One stage Medium narrow The transformation is parallel , and stage And stage Between them is serial . One stage How many partitions are there in ,narrow The parallel number of conversions is as much , The conversion is completed within the partition .wide Before implementing specific operations, the transformation will first realize the transmission of data between different partitions , This operation is called shuffle, The purpose is to put the relevant data into a partition to realize the data conversion within the partition .
(1)“narrow” and “wide” Impact on performance
narrow Conversion ratio wide The conversion runs faster , because narrow Conversion does not result in data transmission between partitions , also narrow The process of transformation does not need to be connected with driver node Interaction , This is the same as wide Conversion is the opposite .
(2)“narrow” and “wide” Impact on fault tolerance
When spark When an error occurs in the calculation of the cluster for the partition , about wide The conversion costs more to recover from this error . because wide Conversion may need to get data from multiple parent partitions when recalculating partitions . And it is easy to cause the problem of memory leakage .
(3) Use coalesce Precautions for
coalesce Methods are generally used to change rdd The number of divisions . When this method is used to reduce the number of partitions , Each parent partition has only one child partition corresponding to it , Because a child partition is a collection of parent partitions . So from that perspective , It belongs to narrow transformation . conversely , When coalesce Method is used to increase the number of partitions , Each parent partition will have multiple child partitions corresponding to it . At this point it wide transformation .
RDD The type of return
If one tuple Type of RDD Lost its schema Information ,Spark Will use “Any” Instead of , for example :RDD[Any] and RDD[(Any,Int)]. At this time, when some methods are executed , Compilation cannot pass , for example :sortByKey.sortByKey The method actually depends on key There are some hidden sortable possibilities for the value of , for example : Alphabetical order , Number sorting and so on . There are also many numerical methods, such as :max,min, and sum We also need to rely on RDD The data in is Long,Int Or is it double type .
DataFrame Medium Row It's a weak type , from DataFrame Turn into RDD, The type of some values will become “Any”, This is a sign of missing value type management information . So in this process, it's best to DataFrame Of schema Information is recorded with a variable .
Besides Dataset API It's a strong type , So it translates into RDD after , The value of each row will retain its type information .

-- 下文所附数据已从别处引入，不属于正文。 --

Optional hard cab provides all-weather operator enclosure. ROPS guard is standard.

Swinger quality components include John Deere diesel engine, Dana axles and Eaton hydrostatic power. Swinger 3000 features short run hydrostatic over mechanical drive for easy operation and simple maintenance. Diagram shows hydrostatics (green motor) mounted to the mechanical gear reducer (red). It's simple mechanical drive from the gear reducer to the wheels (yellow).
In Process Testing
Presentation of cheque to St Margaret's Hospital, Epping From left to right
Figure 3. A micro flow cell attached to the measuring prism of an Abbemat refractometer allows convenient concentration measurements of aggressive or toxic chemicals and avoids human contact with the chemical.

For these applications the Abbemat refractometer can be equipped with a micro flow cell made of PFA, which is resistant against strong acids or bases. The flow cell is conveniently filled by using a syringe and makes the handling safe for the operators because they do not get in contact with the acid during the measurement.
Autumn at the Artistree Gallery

Reduce the creation of objects
“ Garbage collection ” To create objects for recycling (object) Resources allocated when . So if Spark The more objects created in the job ,“ Garbage collection ” The higher the cost caused by the mechanism . So it is recommended that Spark Reduce the use of objects , Or multipoint reuse objects .
Use mapPartitions
rdd Of mapPartitions yes map A variation of , Both of them can process data in parallel . There are many differences between the two .

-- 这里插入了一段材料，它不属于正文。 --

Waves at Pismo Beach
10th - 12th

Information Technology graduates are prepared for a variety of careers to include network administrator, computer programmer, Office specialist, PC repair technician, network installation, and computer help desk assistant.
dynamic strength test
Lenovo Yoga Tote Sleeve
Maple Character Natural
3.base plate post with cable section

The first is the granularity of parallel processing data
(1)map Of input transformation Apply to every element .
(2)mapPartitions Of input transformation Apply to each partition .
Suppose a rdd Yes 10 Elements (1 2 3 4 5 6 7 8 9 10), Divide into 3 Zones , The test code is as follows
val a = sc.parallelize(1 to 10,3)
def handlePerElement(e:Int):Int={
println("element="+e)
}
def handlePerPartition(iter:Iterator[Int]:Iterator[Int]={
println("run in partition")
var res = for(e<-iter) yield e*2
res
}
val b = a.map(handlePerElement).collect
val c = a.mapPartitions(handlePerPartition).collect
Run the above code test and you can see , Based on element granularity handlePerElement Function output 10 Time , Based on partition granularity handlePerPartition Output 3 Time .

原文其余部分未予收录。